O estudo, no entanto, não encontrou evidências de que experimentar mais medo em sonhos estava conectado a uma melhor regulação emocional.
Isso não prova que os sonhos não desempenham nenhum papel no processamento emocional. Apenas significa que este estudo específico não encontrou a relação que uma teoria de regulação emocional direta poderia prever.
A Qualidade do Sono Complica a Situação
Uma das descobertas mais interessantes envolveu a qualidade do sono.

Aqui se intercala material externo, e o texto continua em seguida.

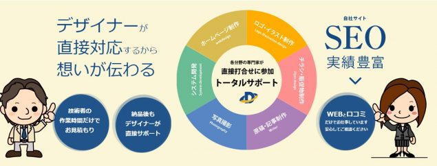 地域密着型のWeb制作会社です。直接会って、希望を聞き打ち合わせをした上でホームページの制作をしています。テンプレート型のホームページ制作ではなく、ヒアリングを十分した上でデザインやシステムを提案しています。ホームページ完成後の管理・運営・SEO対策などのサポートも受けることができます。各印刷物の制作もセットで依頼することが可能です。制作実績としては、医療機関や不動産会社、化粧品メーカーなど多数あります。

A conexão entre maior medo em sonhos e respostas cerebrais mais fortes ao acordar apareceu entre os participantes que geralmente relataram um sono bom.
Entre aqueles que relataram um sono pior, o padrão se moveu na direção oposta. Maior medo em sonhos estava associado a uma resposta neural mais fraca a imagens negativas.
Os pesquisadores alertam que o significado dessa diferença ainda não está claro. Uma resposta neural mais fraca não indica necessariamente uma melhor regulação emocional. Também pode refletir atenção reduzida, fadiga ou mudanças no processamento emocional associadas ao sono interrompido.
A descoberta mostra que a emoção dos sonhos não pode sempre ser separada da qualidade do sono que a envolve.
Duas pessoas podem relatar sonhos assustadores, mas as experiências podem se relacionar de maneira diferente à emoção acordada se uma dormiu bem e a outra teve uma noite inquieta ou fragmentada.
O Que o Estudo Não Pode Nos Dizer
O estudo encontrou uma relação entre o medo médio em sonhos e as respostas cerebrais ao acordar entre diferentes pessoas.
Não mostrou que ter um sonho assustador em uma noite específica muda como alguém responderá no dia seguinte.
Também não pode nos dizer em que direção a relação corre. O medo em sonhos pode influenciar a sensibilidade emocional ao acordar. A sensibilidade emocional ao acordar pode moldar os sonhos. Ambos podem ser influenciados por outros fatores, incluindo estresse, personalidade, padrões de sono ou diferenças na recordação de sonhos.
A amostra também era relativamente pequena e desigual. Dos 87 participantes, 76 eram mulheres, e os participantes não relataram distúrbios psiquiátricos ou de sono. Portanto, os achados podem não se aplicar da mesma forma a todos, particularmente pessoas que experimentam pesadelos frequentes, trauma, ansiedade, depressão ou interrupção crônica do sono.
Mais Perguntas do Que Respostas
O estudo não sugere que sonhos assustadores sejam prejudiciais. Também não descarta a possibilidade de que alguns sonhos ajudem as pessoas a trabalhar através de experiências emocionais.
Em vez disso, oferece uma descoberta mais seletiva: o medo em sonhos parece estar conectado a quão fortemente o cérebro responde a informações negativas enquanto está acordado, mas não necessariamente a quão bem uma pessoa pode regular conscientemente essa resposta.
Por enquanto, não sabemos se sonhos assustadores nos preparam para o medo, refletem uma sensibilidade existente a ele ou desempenham papéis diferentes em circunstâncias diferentes.
O que o estudo sugere é que as emoções que experimentamos enquanto sonhamos pertencem a um sistema emocional maior, um que continua além da fronteira entre o sono e a vigília.
Leia a Pesquisa
Lin, E., Grassini, S., Railo, H., Strid, N., Revonsuo, A., e Sikka, P. (2026). “O Medo em Sonhos Prediz uma Reatividade Afetiva Mais Forte na Vigília.” SLEEP. Publicado em 22 de julho de 2026.